The Cumaean Sibyl was the priestess presiding over the Apollonian oracle at Cumae, a Greek colony located near Naples, Italy. The word sibyl comes (via Latin) from the ancient Greek word sibylla, meaning prophetess. There were many sibyls in different locations throughout the ancient world. Because of the importance of the Cumaean Sibyl in the legends of early Rome as codified in Virgil's Aeneid VI, and because of her proximity to Rome, the Cumaean Sibyl became the most famous among the Romans. The Erythraean Sibyl from modern-day Turkey was famed among Greeks, as was the oldest Hellenic oracle, the Sibyl of Dodona, possibly dating to the second millennium BC according to Herodotus, favored in the east.

The Cumaean Sibyl is one of the four sibyls painted by Raphael at Santa Maria della Pace (see gallery below).

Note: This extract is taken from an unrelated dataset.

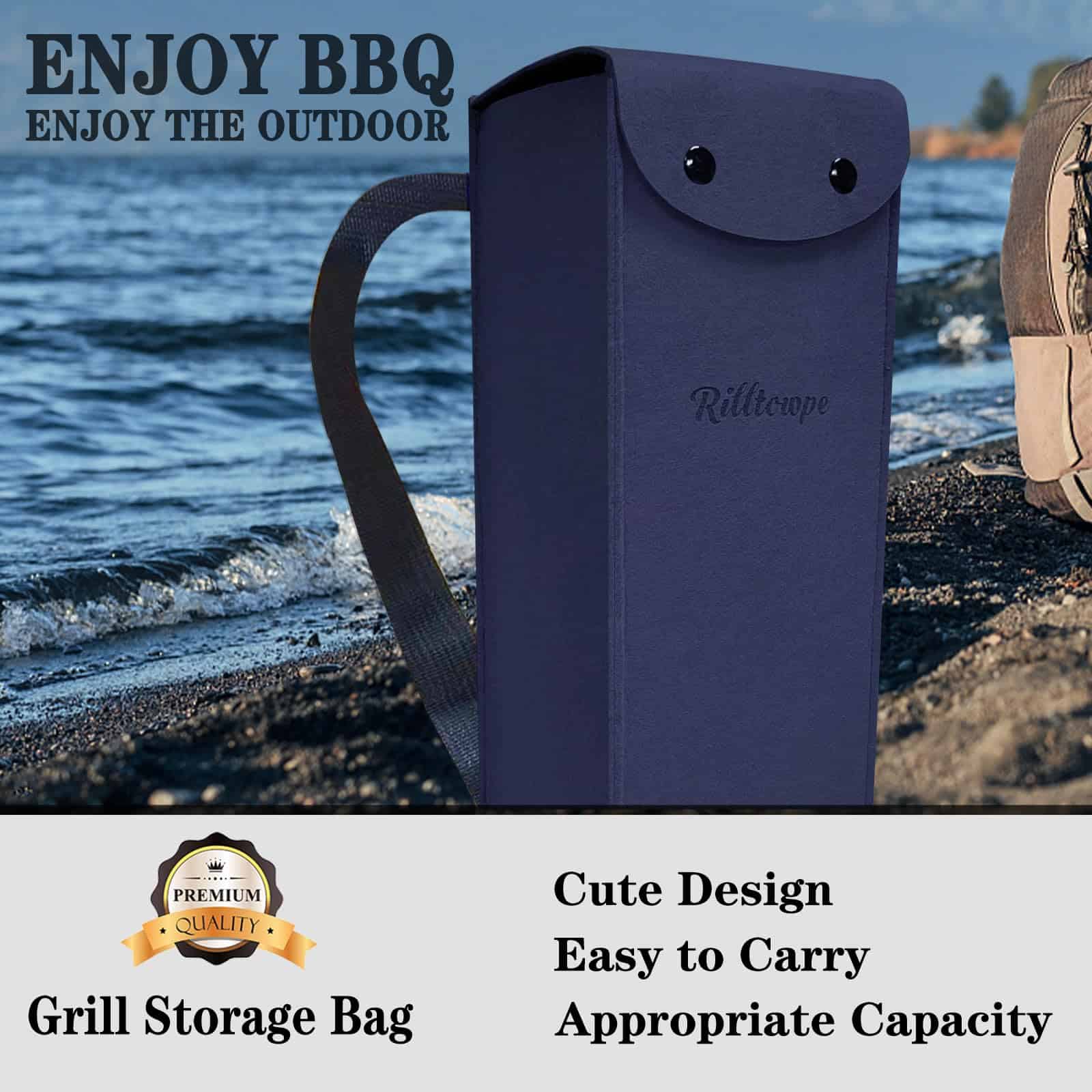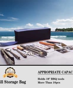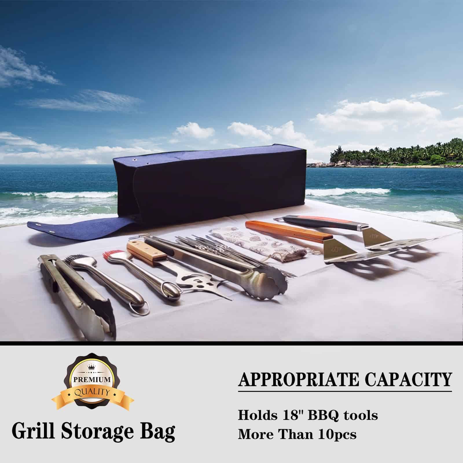 1. CAPACIDAD GRANDE – para sostener la mayoría de las herramientas de parrilla de 18 » para guardar y transportar las herramientas de parrilla.

She was also painted by Andrea del Castagno (Uffizi Gallery, illustration right), and in the Sistine Ceiling of Michelangelo her powerful presence overshadows every other sibyl, even her younger and more beautiful sisters, such as the Delphic Sibyl.

There are various names for the Cumaean Sibyl besides the "Herophile" of Pausanias and Lactantius or the Aeneids "Deiphobe, daughter of Glaucus": "Amaltheia", "Demophile" or "Taraxandra" are all offered in various references.

Ancient Roman prophecies

The story of the acquisition of the Sibylline Books by Lucius Tarquinius Superbus, the semi-legendary last king of the Roman Kingdom, or Tarquinius Priscus, is one of the famous mythic elements of Roman history.Centuries ago, concurrent with the 50th Olympiad, not long before the expulsion of Rome's kings, an old woman "who was not a native of the country" arrived incognita in Rome. She offered nine books of prophecies to King Tarquin; and as the king declined to purchase them, owing to the exorbitant price she demanded, she burned three and offered the remaining six to Tarquin at the same stiff price, which he again refused, whereupon she burned three more and repeated her offer. Tarquin then relented and purchased the last three at the full original price, whereupon she "disappeared from among men". 

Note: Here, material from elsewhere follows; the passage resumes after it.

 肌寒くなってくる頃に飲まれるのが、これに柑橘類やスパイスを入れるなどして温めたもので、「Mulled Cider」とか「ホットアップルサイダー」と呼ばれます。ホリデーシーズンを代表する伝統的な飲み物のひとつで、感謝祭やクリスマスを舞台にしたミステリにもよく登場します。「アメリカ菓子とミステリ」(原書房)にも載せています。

The books were thereafter kept in the Temple of Jupiter on the Capitoline Hill, Rome, to be consulted only in emergencies. The temple burned down in the 80s BC, and the books with it, necessitating a re-collection of Sibylline prophecies from all parts of the empire (Tacitus 6.12). These were carefully sorted and those determined to be legitimate were saved in the rebuilt temple. The Emperor Augustus had them moved to the Temple of Apollo on the Palatine Hill, where they remained for most of the remaining Imperial Period.

The Cumaean Sibyl is featured in the works of various Roman authors, including Virgil (the Eclogues, the Aeneid), Ovid (the Metamorphoses) and Petronius (the Satyricon).

Stories recounted in Virgil's Aeneid
The Cumaean Sibyl prophesied by “singing the fates” and writing on oak leaves. These would be arranged inside the entrance of her cave, but if the wind blew and scattered them, she would not help to reassemble the leaves and recreate the original prophecy.

The Sibyl was a guide to the underworld (Hades), whose entrance lay at the nearby crater of Avernus. Aeneas employed her services before his descent to the lower world to visit his dead father Anchises, but she warned him that it was no light undertaking:

The Sibyl acts as a bridge between the worlds of the living and the dead (cf. concept of liminality). She shows Aeneas the way to Avernus and teaches him what he needs to know about the dangers of their journey.

Stories recounted in Ovid's Metamorphoses
Although she was a mortal, the Sibyl lived about a thousand years. She attained this longevity when Apollo offered to grant her a wish in exchange for her virginity; she took a handful of sand and asked to live for as many years as the grains of sand she held. Later, after she refused the god's love, he allowed her body to wither away because she failed to ask for eternal youth. Her body grew smaller with age and eventually was kept in a jar (ampulla). Eventually only her voice was left (Metamorphoses 14; compare the myth of Tithonus, the lover of Eos, who was also granted immortality but not eternal youth).

Christianity
Virgil may have been influenced by Hebrew texts, according to Tacitus, amongst others. Constantine, the Christian emperor, in his first address to the assembly, interpreted the whole of The Eclogues as a reference to the coming of Christ, and quoted a long passage of the Sibylline Oracles (Book 8) containing an acrostic in which the initials from a series of verses read: Jesus Christ Son of God Saviour Cross.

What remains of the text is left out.